Activism

photo (18)Post came from a family very active in their community, and she continued that tradition.  A product of the times, she really got swept up on the activism around her, motivated by a strong Jewish ethic and a spit-fire personality.  Although being a housewife and mother took up much of Post’s time, she needed more to lead a personally fulfilling life.  Throughout her life, she was engaged in a variety of causes, but the first cause in which she really got her hands dirty was the civil rights movement.  She was determined to have her voice heard in the open housing campaign. Through the years, she truly grew as an activist, finding herself as an embodied continuation of a progressive thread that had been running through the centuries.

“And where I am as a white woman was made possible by those who came before me. And where I am now as a successful advocate for social justice is because of the people who taught me and came before me. So I think there’s a strong understanding that none of us got here by ourselves, that we are part of some kind of current, some kind of social fabric, that goes back a long, long way, and that we’re only the current face.”[1]

Post worked alongside several other prominent activists.  Some of these include Anne Braden; Senator John Lewis, who got his start as the SNCC president; and Senator Georgia Davis Powers.

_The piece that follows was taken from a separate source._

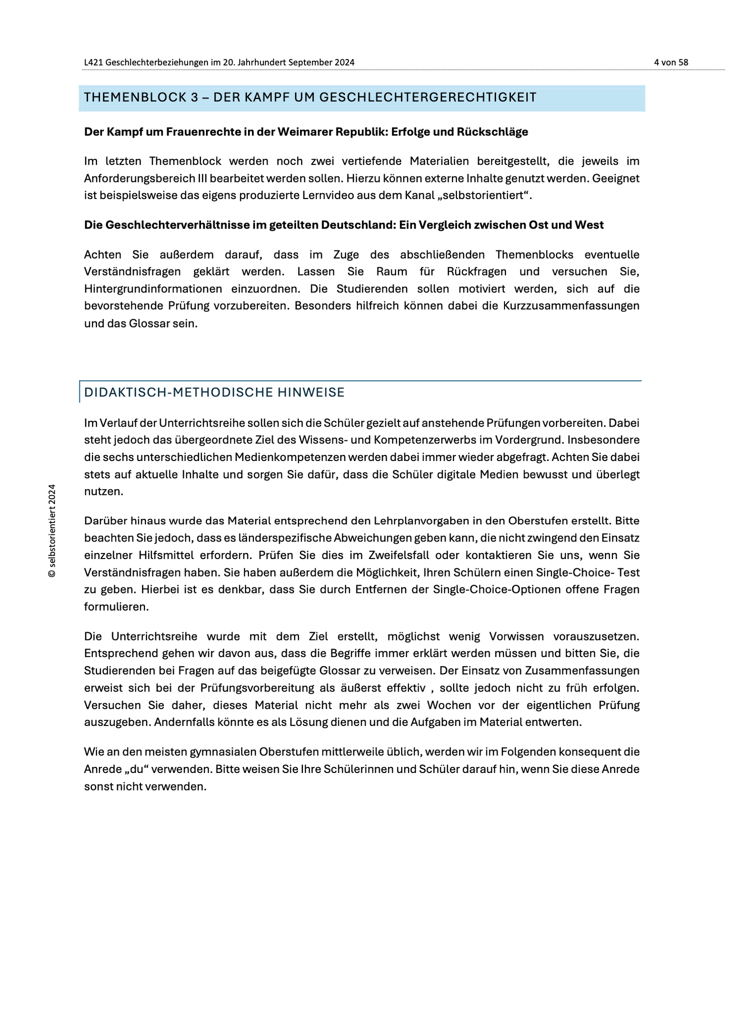 Die Unterrichtsreihe deckt alle wichtigen Themen ab: von der Krise der Männlichkeit nach dem Ersten Weltkrieg, über die Herausforderungen und Erfolge der Frauenbewegung in der Weimarer Republik, bis hin zu den radikalen Veränderungen durch die 68er-Bewegung und den gesellschaftlichen Umgang mit Homosexualität nach 1945. Jede Unterrichtseinheit ist sorgfältig geplant und bietet klare Lernziele, methodische Hinweise und vielfältige Aufgabenstellungen, die den individuellen Lernbedürfnissen Ihrer Schülerinnen und Schüler gerecht werden.
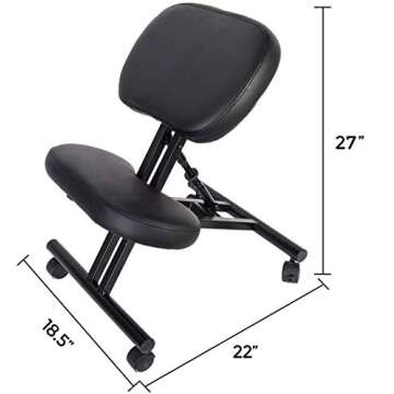 CHADIOR Ergonomic Kneeling Chair for Home Office,Adjustable Stool for with Thick Foam Cushions and Smooth Gliding Casters, Improve Posture and Relieve Back Pain, Black

Although she got her start in civil rights, she was among many who were propelled to take up the cause for women’s rights as a result.  Post used the ACLU as a vessel to promote women. She also created the reproductive freedom (pro-choice) project for the ACLU, to promote women’s health freedoms.[2]



[1] Timothy, Patrick McCarthy. 2009. Interview with suzy post. Journal for the Study of Radicalism 3, (1): 145-173, http://ezproxy.uky.edu/login?url=http://search.proquest.com/docview/213913050?accountid=11836 (accessed March 3, 2013).

[2] Post, Suzy. Interview by Katelyn Sandell and Tahnee Qualls. Digital recording. April 20, 2013. Louie B. Nunn Center for Oral History, University of Kentucky Libraries, Lexington, KY.